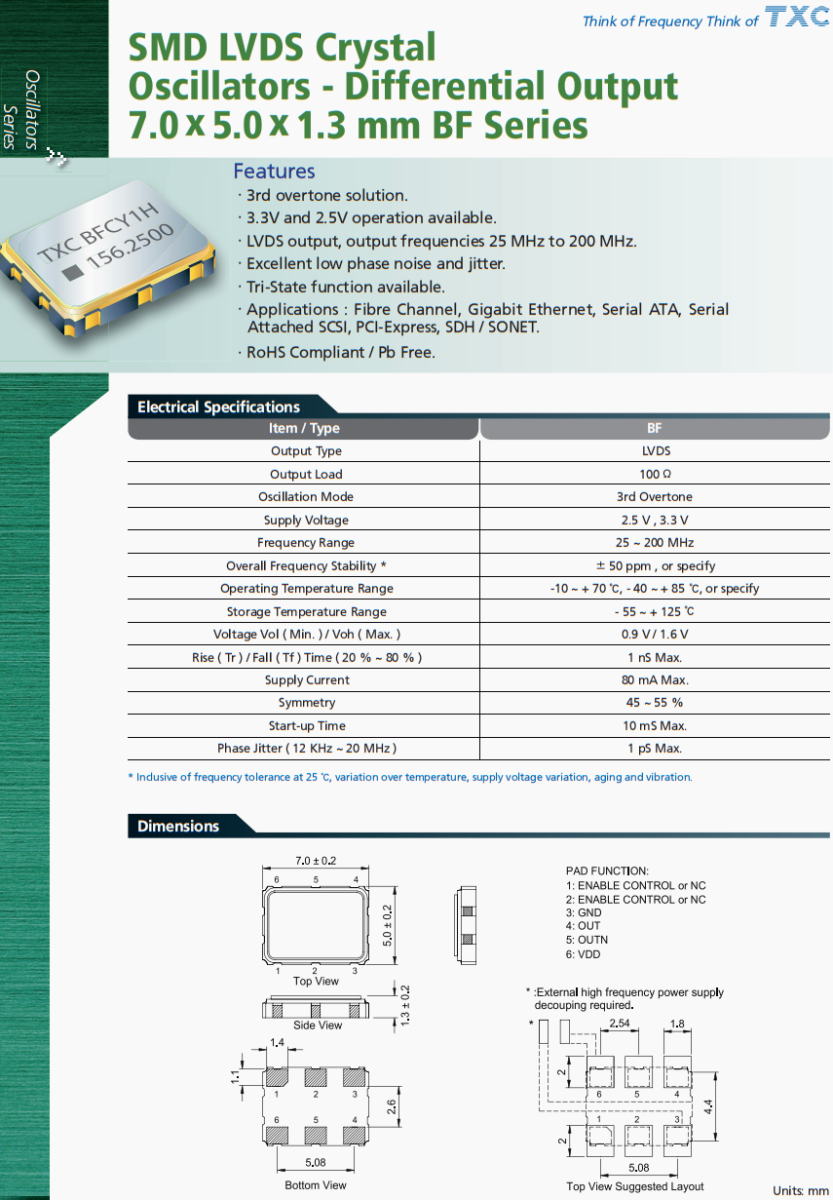 | BF-62.500MBE-T | TXC晶振 | BF | 62.5 MHz | LVDS | 3.3V | ±50ppm |
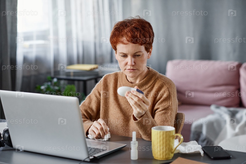 Портрет взрослой женщины с гриппом, сидящей за столом дома перед ноутбуком и проверяющей температуру тела с помощью термометра
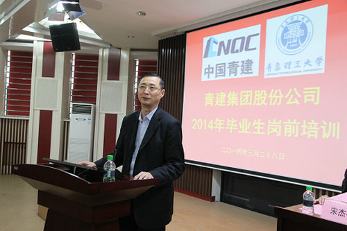 3月28日下午,青建集团与365完美联合举办的青建集团2014年毕业生岗前培训班开班仪式在嘉陵江校区举行。青建国际发展有限公司执行总裁张硕原、国清控股集团有限公司人力资源部总经理林丽、青建集团股份公司副总裁宋杰平,365完美管理学院、招就办等相关负责人出席开班仪式。
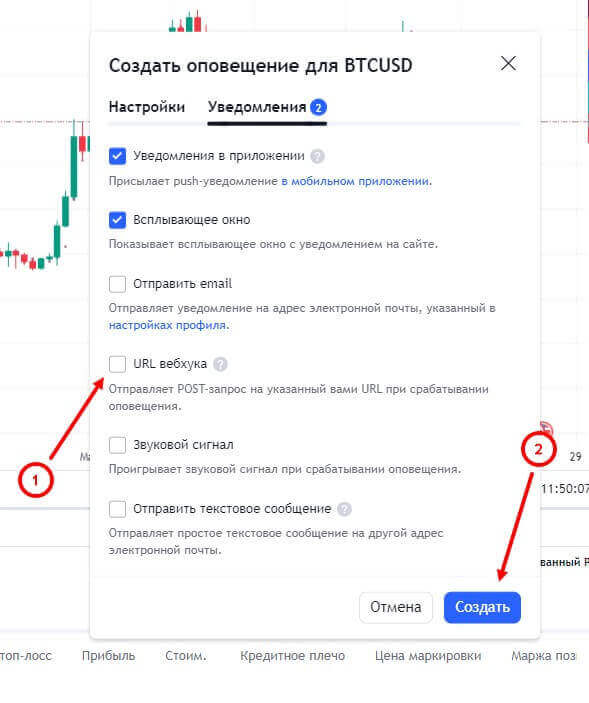 Ставим необходимую галочку в пункте “URL веб-хука” Затем вставляем с помощью клавиш Ctrl+V адрес веб-хука в опции «Уведомления» и кликаем на «Создать».

_TASK INSTRUCTIONS_
Everything in the listing must be copied exactly except the pictures.

_EXERCISE ANSWER_
 | BF-62.500MBE-T | TXC晶振 | BF | 62.5 MHz | LVDS | 3.3V | ±50ppm |
 Портрет взрослой женщины с гриппом, сидящей за столом дома перед ноутбуком и проверяющей температуру тела с помощью термометра
 3月28日下午,青建集团与365完美联合举办的青建集团2014年毕业生岗前培训班开班仪式在嘉陵江校区举行。青建国际发展有限公司执行总裁张硕原、国清控股集团有限公司人力资源部总经理林丽、青建集团股份公司副总裁宋杰平,365完美管理学院、招就办等相关负责人出席开班仪式。
 Ставим необходимую галочку в пункте “URL веб-хука” Затем вставляем с помощью клавиш Ctrl+V адрес веб-хука в опции «Уведомления» и кликаем на «Создать».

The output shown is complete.